Brief
What is needed is an exact reproduction of the lines in the records below, starting at the line with "В кастрюлю наливаем" and ending at the line with "Greenville Plan by", both included, and nothing else; pictures stay out.

Data to use
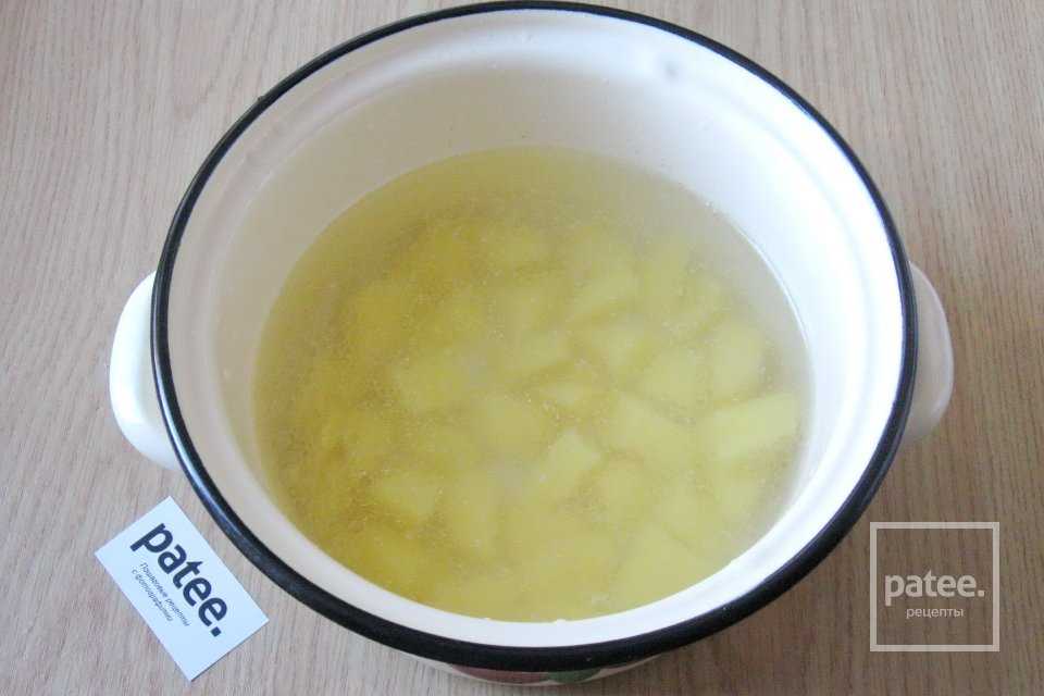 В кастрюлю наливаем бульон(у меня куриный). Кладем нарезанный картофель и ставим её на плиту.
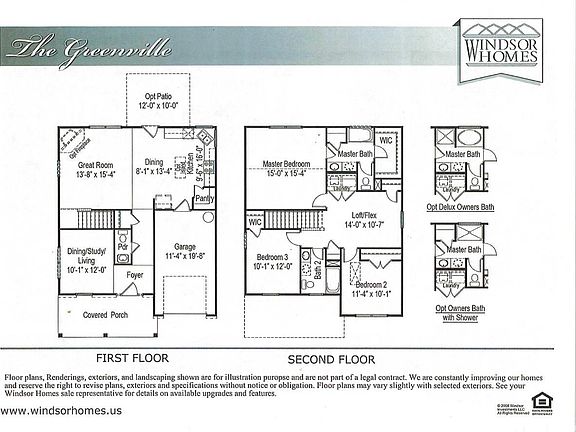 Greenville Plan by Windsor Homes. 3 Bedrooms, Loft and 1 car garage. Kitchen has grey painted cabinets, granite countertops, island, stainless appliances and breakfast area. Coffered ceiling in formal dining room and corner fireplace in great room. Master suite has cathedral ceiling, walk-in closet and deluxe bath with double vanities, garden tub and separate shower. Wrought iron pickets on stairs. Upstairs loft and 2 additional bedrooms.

--

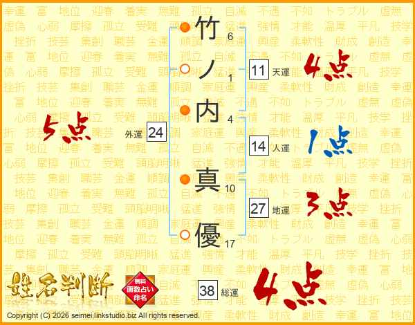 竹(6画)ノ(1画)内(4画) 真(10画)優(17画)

Task output
 В кастрюлю наливаем бульон(у меня куриный). Кладем нарезанный картофель и ставим её на плиту.
 Greenville Plan by Windsor Homes. 3 Bedrooms, Loft and 1 car garage. Kitchen has grey painted cabinets, granite countertops, island, stainless appliances and breakfast area. Coffered ceiling in formal dining room and corner fireplace in great room. Master suite has cathedral ceiling, walk-in closet and deluxe bath with double vanities, garden tub and separate shower. Wrought iron pickets on stairs. Upstairs loft and 2 additional bedrooms.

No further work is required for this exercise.